*** DATA FOR THE TASK Section Begins ***

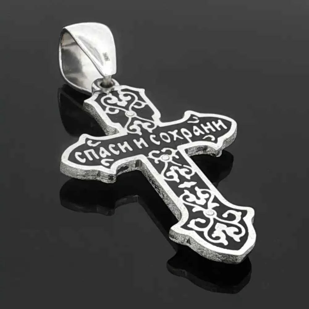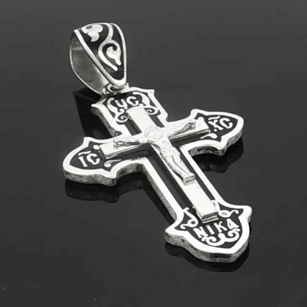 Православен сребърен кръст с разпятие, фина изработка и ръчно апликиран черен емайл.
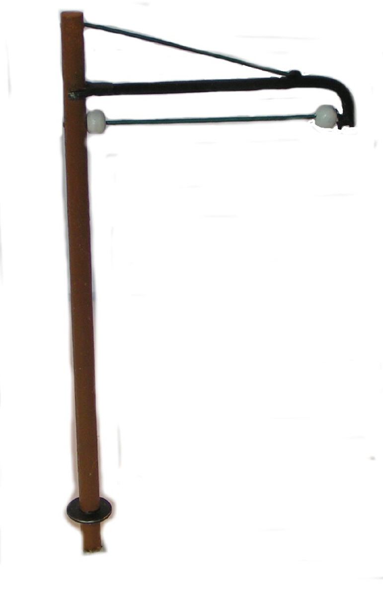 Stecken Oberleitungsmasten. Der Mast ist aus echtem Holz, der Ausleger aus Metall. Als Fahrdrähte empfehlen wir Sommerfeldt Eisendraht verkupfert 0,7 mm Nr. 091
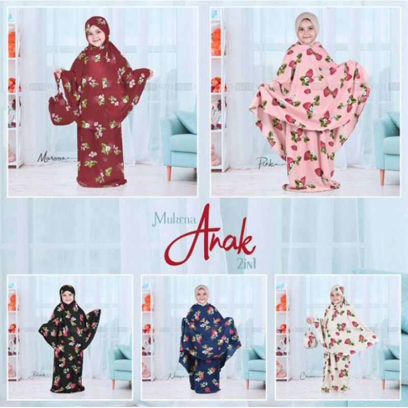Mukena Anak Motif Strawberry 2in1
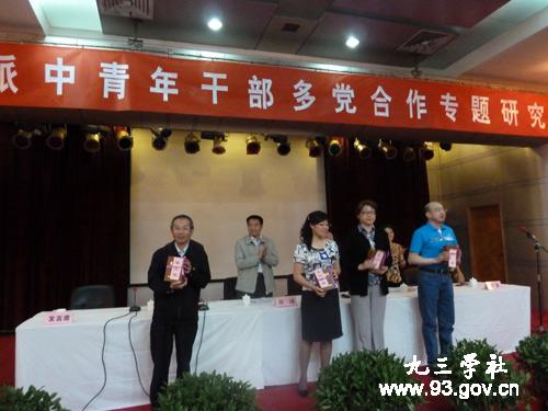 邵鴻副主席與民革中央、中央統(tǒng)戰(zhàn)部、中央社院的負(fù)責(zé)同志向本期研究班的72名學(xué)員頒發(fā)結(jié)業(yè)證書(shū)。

*** DATA FOR THE TASK Section Ends ***
*** DATA FOR THE TASK Section Begins ***

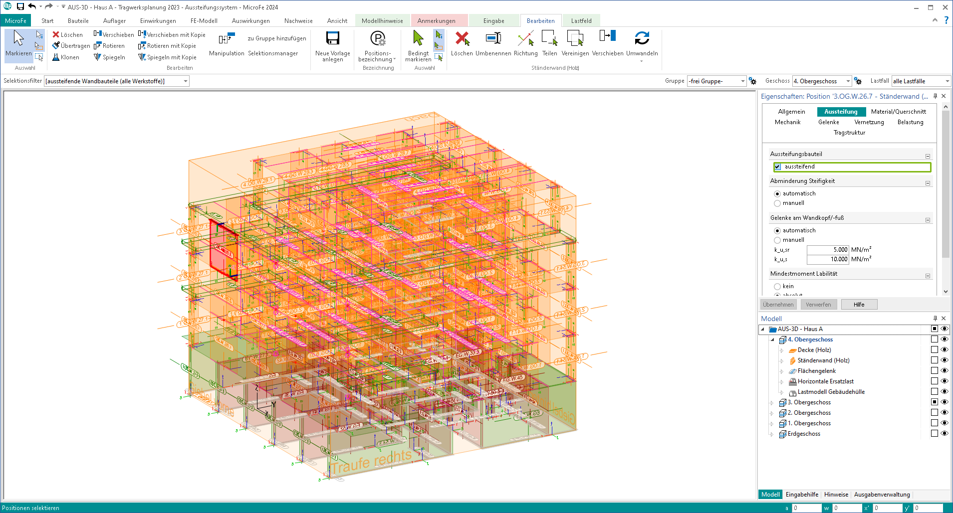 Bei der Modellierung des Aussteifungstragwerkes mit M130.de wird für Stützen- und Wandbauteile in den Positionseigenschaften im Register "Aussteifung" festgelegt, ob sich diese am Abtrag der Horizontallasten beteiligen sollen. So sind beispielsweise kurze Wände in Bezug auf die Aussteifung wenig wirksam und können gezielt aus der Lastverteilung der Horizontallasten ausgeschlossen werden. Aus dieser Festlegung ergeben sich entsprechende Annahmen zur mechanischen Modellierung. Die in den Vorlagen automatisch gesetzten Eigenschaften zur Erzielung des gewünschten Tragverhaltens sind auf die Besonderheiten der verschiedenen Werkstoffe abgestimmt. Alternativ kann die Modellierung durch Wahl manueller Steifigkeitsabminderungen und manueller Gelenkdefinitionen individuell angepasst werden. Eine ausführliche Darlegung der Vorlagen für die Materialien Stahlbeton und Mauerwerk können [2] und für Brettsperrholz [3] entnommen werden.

*** DATA FOR THE TASK Section Ends ***

◆ **WORK TO BE COMPLETED**
Quote word for word only the lines above from the one containing "Православен сребърен кръст" through the one containing "邵鴻副主席與民革中央、中央統". Pictures stay out of your copy.

◆ **ANSWER TO THIS EXERCISE**
 Православен сребърен кръст с разпятие, фина изработка и ръчно апликиран черен емайл.
 Stecken Oberleitungsmasten. Der Mast ist aus echtem Holz, der Ausleger aus Metall. Als Fahrdrähte empfehlen wir Sommerfeldt Eisendraht verkupfert 0,7 mm Nr. 091
Mukena Anak Motif Strawberry 2in1
 邵鴻副主席與民革中央、中央統(tǒng)戰(zhàn)部、中央社院的負(fù)責(zé)同志向本期研究班的72名學(xué)員頒發(fā)結(jié)業(yè)證書(shū)。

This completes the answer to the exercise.